Top of Data

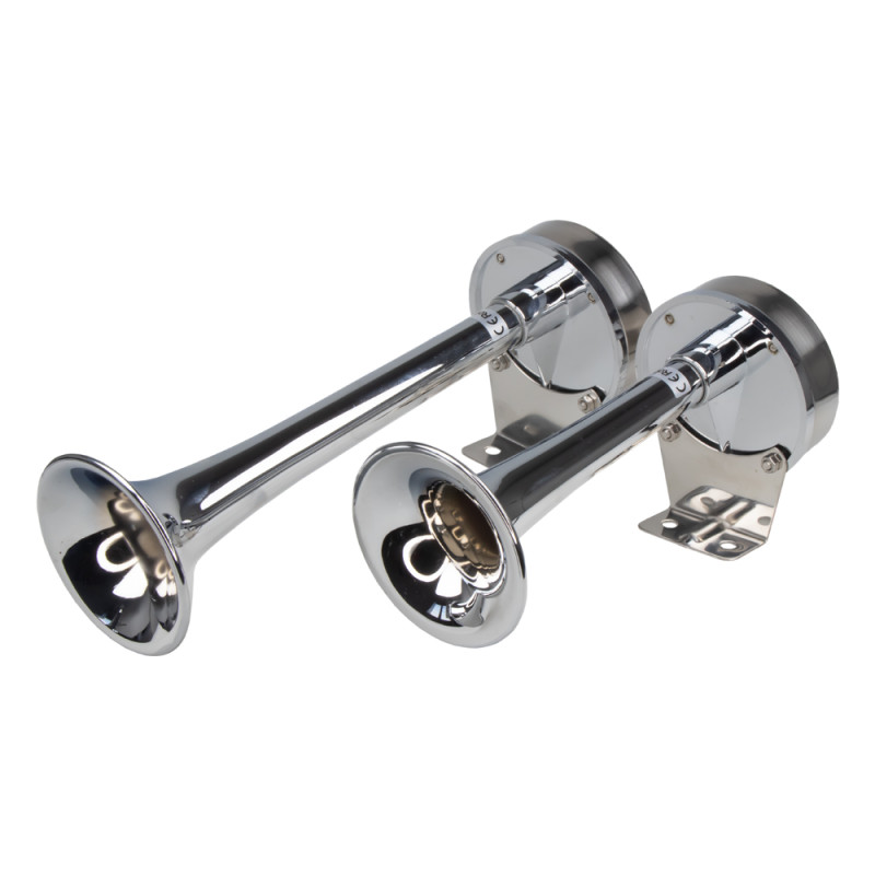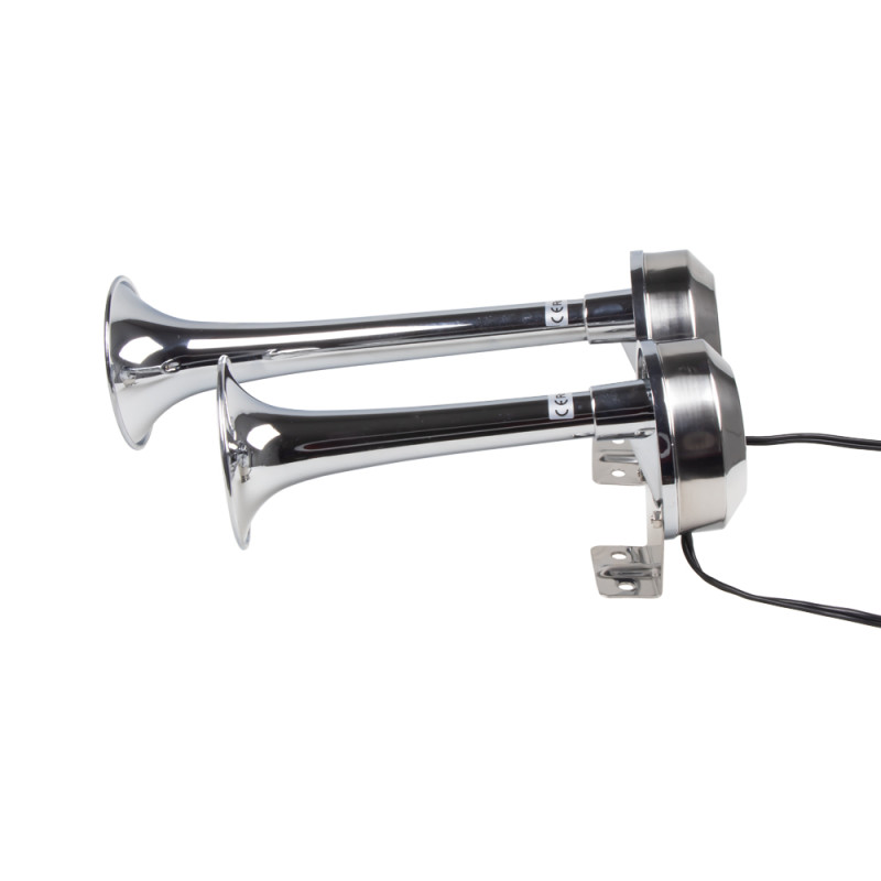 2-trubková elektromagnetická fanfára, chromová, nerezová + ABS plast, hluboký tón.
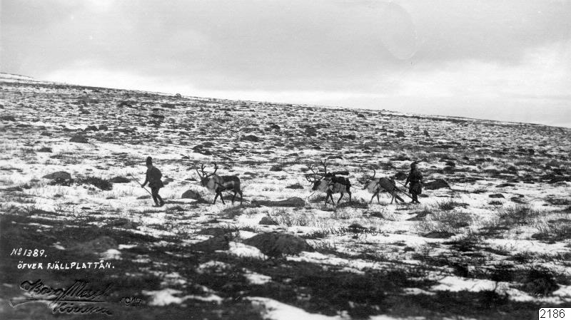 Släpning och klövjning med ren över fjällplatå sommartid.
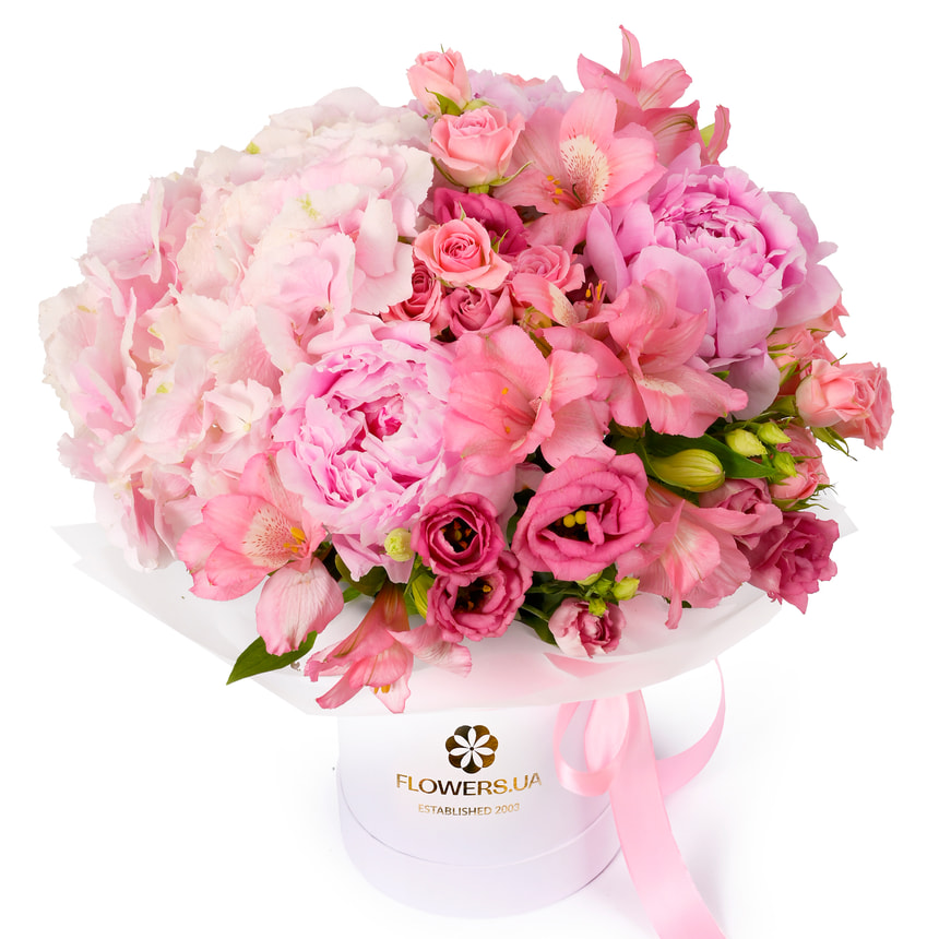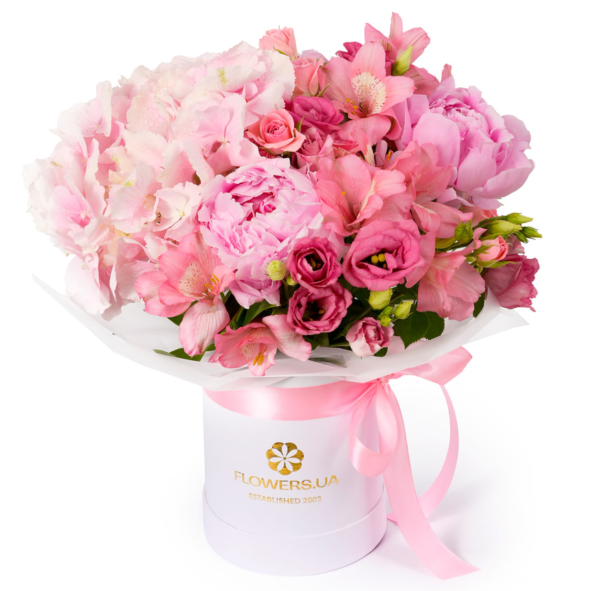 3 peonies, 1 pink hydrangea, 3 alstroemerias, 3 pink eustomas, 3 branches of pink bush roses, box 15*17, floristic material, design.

Bottom of Data
Top of Data

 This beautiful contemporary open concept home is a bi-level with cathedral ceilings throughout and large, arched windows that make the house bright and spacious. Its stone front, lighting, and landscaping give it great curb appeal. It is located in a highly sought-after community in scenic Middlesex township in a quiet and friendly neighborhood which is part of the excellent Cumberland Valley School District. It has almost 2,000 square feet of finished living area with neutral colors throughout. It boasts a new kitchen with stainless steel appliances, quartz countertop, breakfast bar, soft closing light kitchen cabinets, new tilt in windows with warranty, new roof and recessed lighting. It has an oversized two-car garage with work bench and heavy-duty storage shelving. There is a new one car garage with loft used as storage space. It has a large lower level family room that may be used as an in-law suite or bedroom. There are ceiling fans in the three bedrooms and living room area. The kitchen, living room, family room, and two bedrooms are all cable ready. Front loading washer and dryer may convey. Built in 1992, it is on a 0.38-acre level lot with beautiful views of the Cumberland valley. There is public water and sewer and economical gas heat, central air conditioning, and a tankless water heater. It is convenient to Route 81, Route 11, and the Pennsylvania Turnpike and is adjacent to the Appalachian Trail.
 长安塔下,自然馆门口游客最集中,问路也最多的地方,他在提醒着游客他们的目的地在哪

Bottom of Data

■ **The task**
From the listing above, please give again the lines that begin with the line holding "2-trubková elektromagnetická fanfára, chromová, nerezová" and go on through the line holding "3 peonies, 1", exactly, both ends included, minus any picture.

■ **Solution to this task**
 2-trubková elektromagnetická fanfára, chromová, nerezová + ABS plast, hluboký tón.
 Släpning och klövjning med ren över fjällplatå sommartid.
 3 peonies, 1 pink hydrangea, 3 alstroemerias, 3 pink eustomas, 3 branches of pink bush roses, box 15*17, floristic material, design.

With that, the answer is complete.